The two government-sponsored companies, both of which have been roiled by accounting scandals in recent years, already have been under pressure from lawmakers and regulators who want their combined multitrillion-dollar mortgage holdings to be reduced. The administration has long been critical of the two companies, and officials have pointed to the accounting scandals to bolster their case that the massive mortgage portfolios are improperly managed and pose a risk to the financial system.

On Tuesday, two officials _ Housing and Urban Development Secretary Alphonso Jackson and Randal Quarles, Treasury undersecretary for domestic finance _ disclosed the new reviews by their departments in separate appearances before groups in Washington.

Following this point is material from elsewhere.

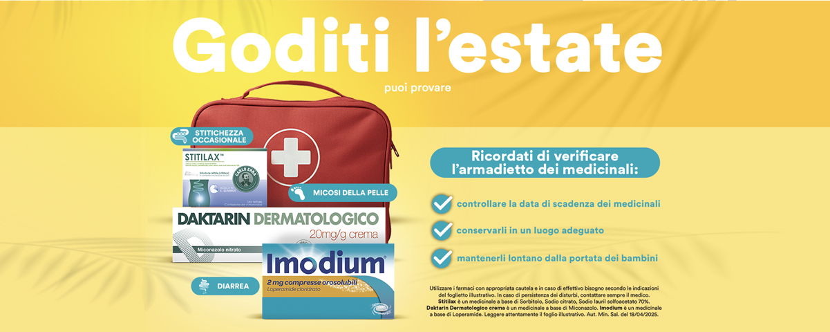 Imodium: a base di loperamide cloridrato, agisce sull'intestino riducendo i movimenti intestinali. È indicato per il trattamento sintomatico delle diarree occasionali.

Quarles said he had directed Treasury staff to review the department's process for approving the massive mortgage-related debt issued by Fannie Mae and Freddie Mac.

Some Treasury officials have taken the view in recent years that the department has the authority to limit that debt.

The two companies were created by Congress to pump money into the home-mortgage market by buying home loans from banks and other lenders and bundling them into securities for sale on Wall Street. They have grown dynamically in recent years and now finance or guarantee some $4 trillion of home mortgages, representing about one-half of the single-family mortgages in the country.

'The time is right for Treasury to review its debt approval process to ensure that we continue to act as appropriate custodians of the power that Congress gave us when the charters of Fannie Mae and Freddie Mac were created,' Quarles said in a text of his speech to the Women in Housing and Finance group. 'I have asked the Treasury staff to undertake such a review to ensure that the process by which we exercise this responsibility is appropriate in light of all the circumstances.'

HUD has oversight authority for the two companies' fulfillment of their mission of making housing affordable and the power to review new areas of business that they wish to enter. Jackson told a congressional gathering that the department also will begin to review their investments and holdings and some financial transactions that have raised concern on the part of regulators.

'HUD's primary concern is whether the (companies') investment activities are consistent with their charter authorities and public purposes and whether each is using the profits it derives ... for the purposes intended,' Jackson said.

The chief regulator of the two companies said last week that the government will pursue some Fannie Mae executives to recover bonus money they reaped in an accounting scheme _ if Fannie Mae itself fails to do so.

The regulator, James B. Lockhart, is acting director of the Office of Federal Housing Enterprise Oversight. The agency last month issued a blistering report alleging a six-year accounting fraud at Fannie Mae, the second-largest U.S. financial institution after Citigroup Inc.

The report said Fannie Mae employees manipulated accounting to hit company quarterly earnings targets so senior executives could pocket hundreds of millions in bonuses from 1998 to 2004. The company _ whose accounting errors are estimated at some $11 billion _ was fined $400 million in a settlement with OFHEO and the Securities and Exchange Commission, one of the largest civil penalties ever in an accounting fraud case. Fannie Mae also agreed to temporarily cap its mortgage holdings at $727 billion.